■ Exercise: Which lines of the records below contain the word "With"? Report each of them in full.

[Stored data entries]
▼▼▼

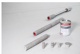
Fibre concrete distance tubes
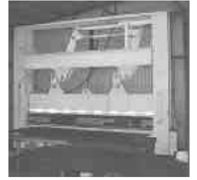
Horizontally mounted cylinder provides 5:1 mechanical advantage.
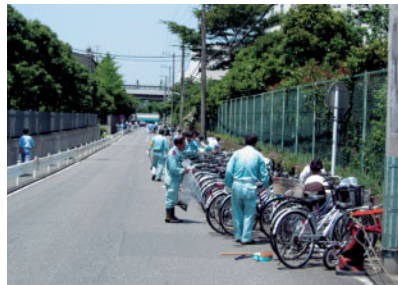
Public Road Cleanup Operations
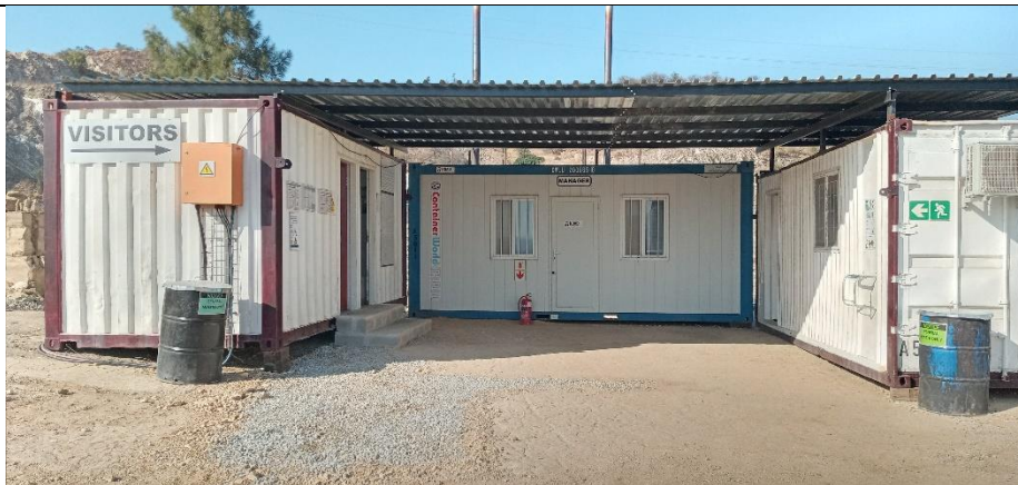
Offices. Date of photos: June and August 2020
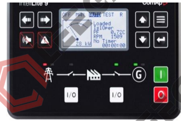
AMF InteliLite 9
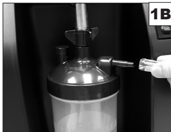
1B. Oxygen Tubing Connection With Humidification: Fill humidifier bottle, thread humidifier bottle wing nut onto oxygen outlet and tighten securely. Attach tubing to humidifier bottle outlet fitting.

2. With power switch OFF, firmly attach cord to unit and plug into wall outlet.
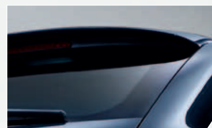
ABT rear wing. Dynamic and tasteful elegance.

▲▲▲

■ Task result:
1B. Oxygen Tubing Connection With Humidification: Fill humidifier bottle, thread humidifier bottle wing nut onto oxygen outlet and tighten securely. Attach tubing to humidifier bottle outlet fitting.
2. With power switch OFF, firmly attach cord to unit and plug into wall outlet.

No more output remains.